━━━ PROVIDED ENTRIES
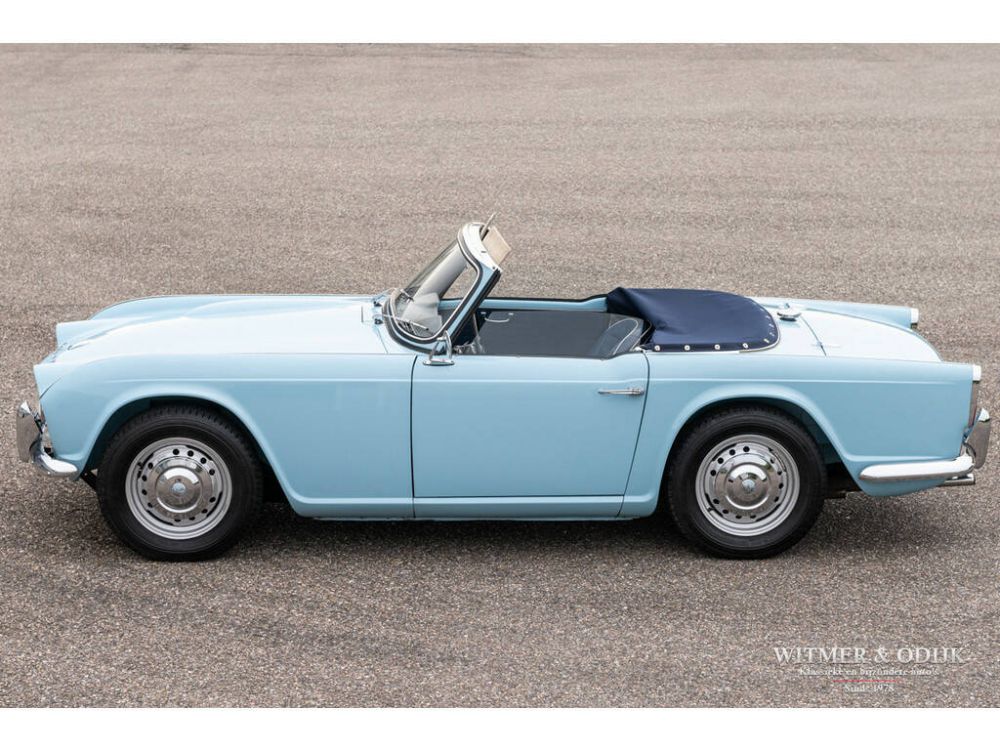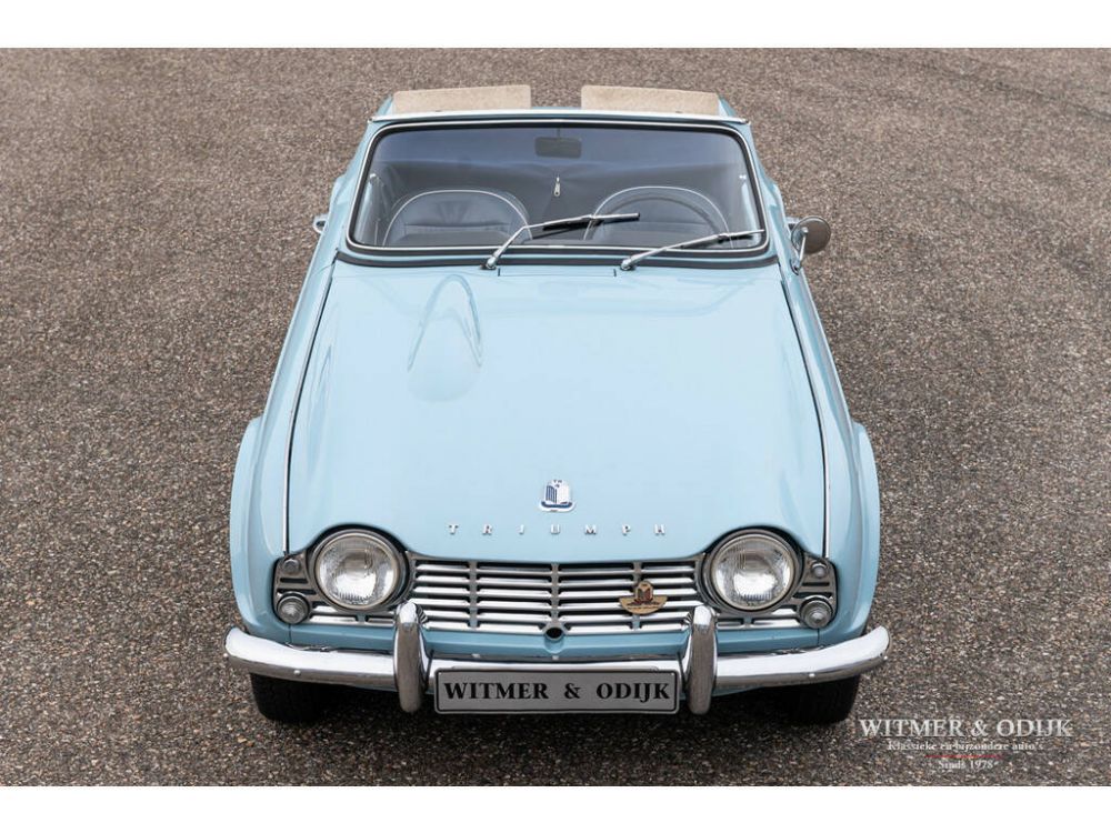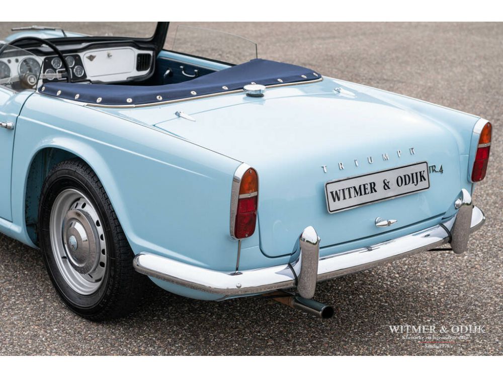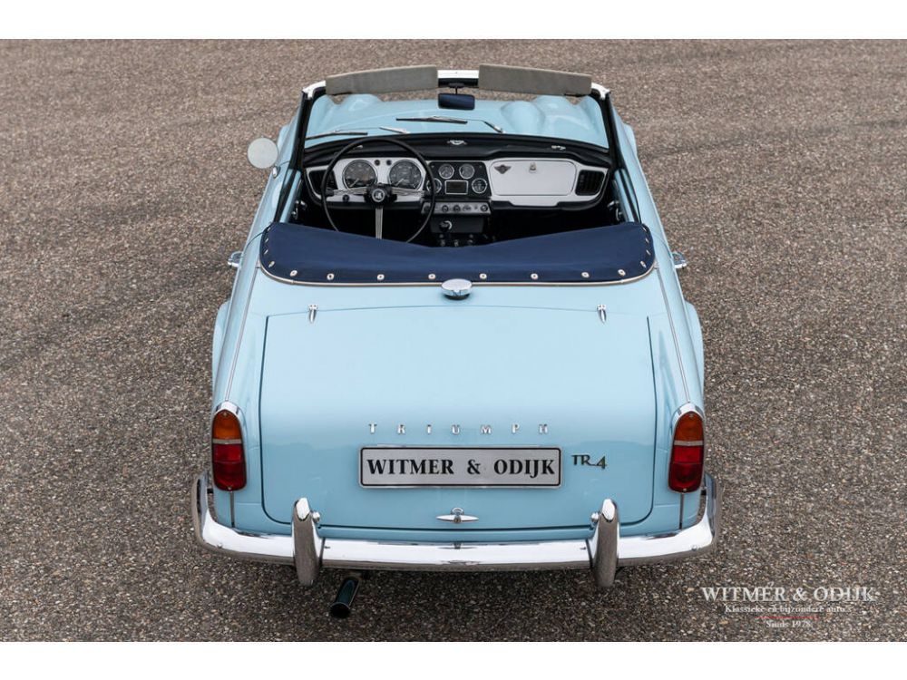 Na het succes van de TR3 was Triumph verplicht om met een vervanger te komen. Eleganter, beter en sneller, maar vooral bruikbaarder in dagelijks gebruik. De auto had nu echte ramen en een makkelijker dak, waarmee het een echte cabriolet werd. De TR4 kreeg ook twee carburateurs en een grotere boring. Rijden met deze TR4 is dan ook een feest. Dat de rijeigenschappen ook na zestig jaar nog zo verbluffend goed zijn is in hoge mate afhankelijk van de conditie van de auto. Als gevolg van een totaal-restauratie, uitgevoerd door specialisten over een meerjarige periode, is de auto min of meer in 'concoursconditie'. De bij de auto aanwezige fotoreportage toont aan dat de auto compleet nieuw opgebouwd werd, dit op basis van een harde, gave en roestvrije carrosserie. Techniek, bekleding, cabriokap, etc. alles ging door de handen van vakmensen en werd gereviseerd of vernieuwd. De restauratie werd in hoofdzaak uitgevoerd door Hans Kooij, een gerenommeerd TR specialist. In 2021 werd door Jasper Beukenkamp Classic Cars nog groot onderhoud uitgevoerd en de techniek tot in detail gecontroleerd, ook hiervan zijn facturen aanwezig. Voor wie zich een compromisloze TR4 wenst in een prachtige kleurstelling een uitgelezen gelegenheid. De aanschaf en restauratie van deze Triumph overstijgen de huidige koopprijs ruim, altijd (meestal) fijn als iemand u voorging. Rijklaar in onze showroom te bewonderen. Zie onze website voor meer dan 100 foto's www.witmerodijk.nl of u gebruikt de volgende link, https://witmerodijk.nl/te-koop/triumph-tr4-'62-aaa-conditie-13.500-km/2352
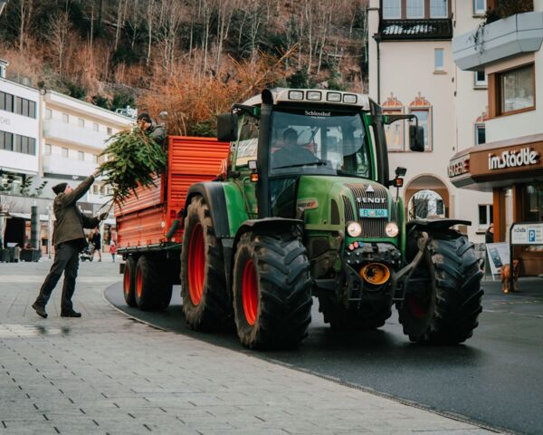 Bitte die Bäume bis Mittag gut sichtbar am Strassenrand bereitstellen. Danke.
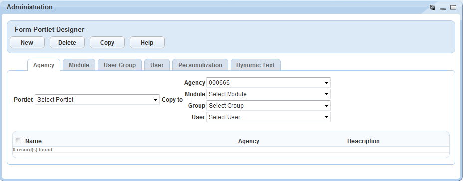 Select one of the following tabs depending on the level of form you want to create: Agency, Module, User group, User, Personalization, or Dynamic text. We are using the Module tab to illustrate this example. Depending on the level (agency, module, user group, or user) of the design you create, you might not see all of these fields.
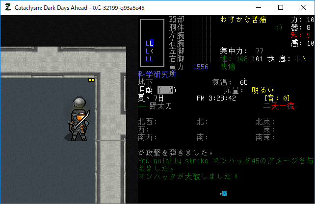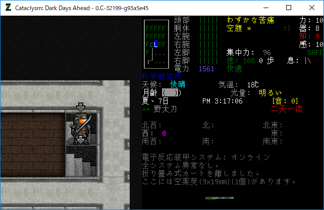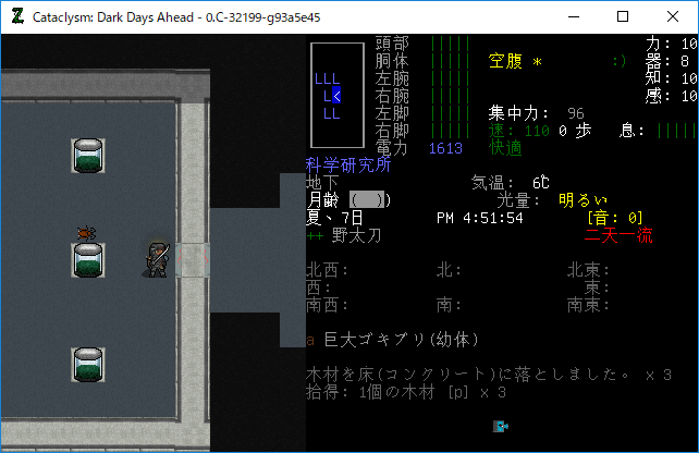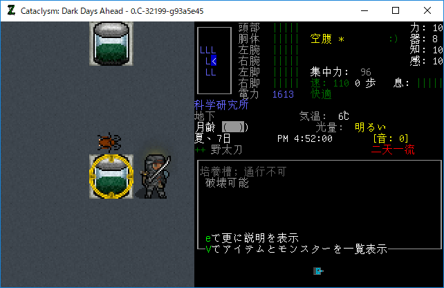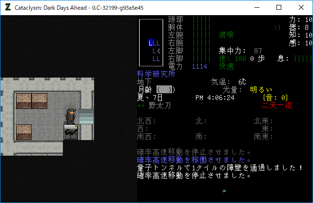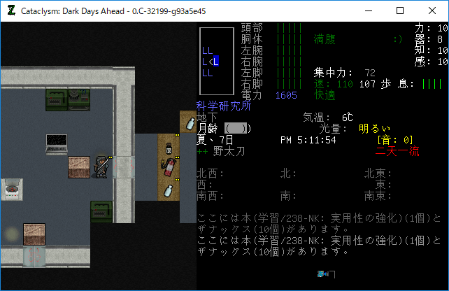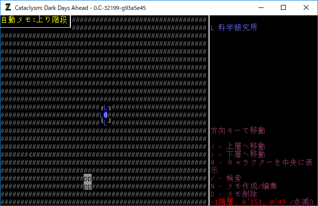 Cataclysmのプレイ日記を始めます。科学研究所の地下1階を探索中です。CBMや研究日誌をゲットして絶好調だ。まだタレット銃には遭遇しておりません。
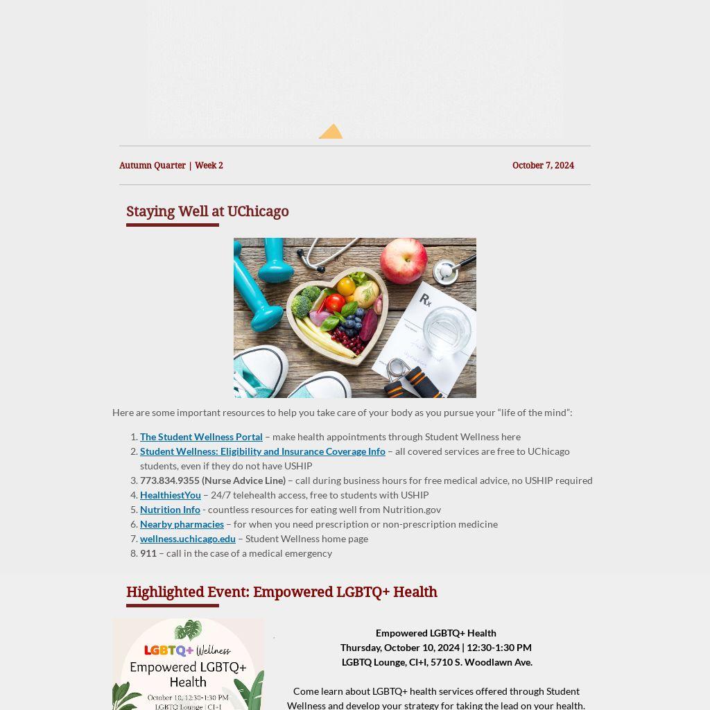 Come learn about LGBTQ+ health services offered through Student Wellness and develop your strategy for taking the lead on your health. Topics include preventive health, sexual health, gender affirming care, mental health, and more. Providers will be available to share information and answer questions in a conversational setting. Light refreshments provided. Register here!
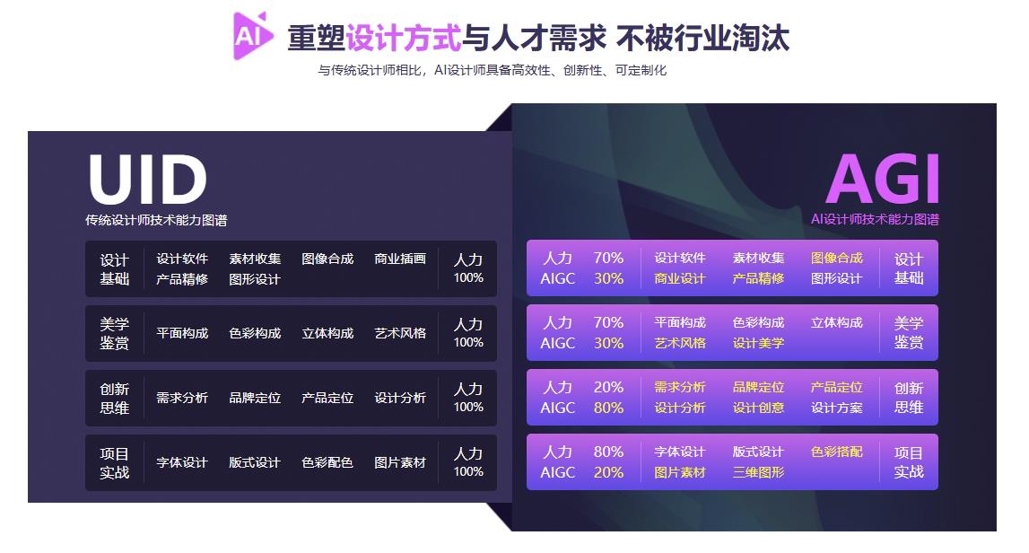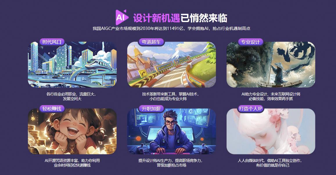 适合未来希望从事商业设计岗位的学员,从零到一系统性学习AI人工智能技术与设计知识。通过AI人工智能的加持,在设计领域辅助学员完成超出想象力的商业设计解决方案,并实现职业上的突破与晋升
━━━━━━
* EXERCISE
Write out the line that contains "Come learn about" and every line after it to the end of the data, exactly as they stand. Omit the pictures.

* ANSWER TO THE PROBLEM
 Come learn about LGBTQ+ health services offered through Student Wellness and develop your strategy for taking the lead on your health. Topics include preventive health, sexual health, gender affirming care, mental health, and more. Providers will be available to share information and answer questions in a conversational setting. Light refreshments provided. Register here!
 适合未来希望从事商业设计岗位的学员,从零到一系统性学习AI人工智能技术与设计知识。通过AI人工智能的加持,在设计领域辅助学员完成超出想象力的商业设计解决方案,并实现职业上的突破与晋升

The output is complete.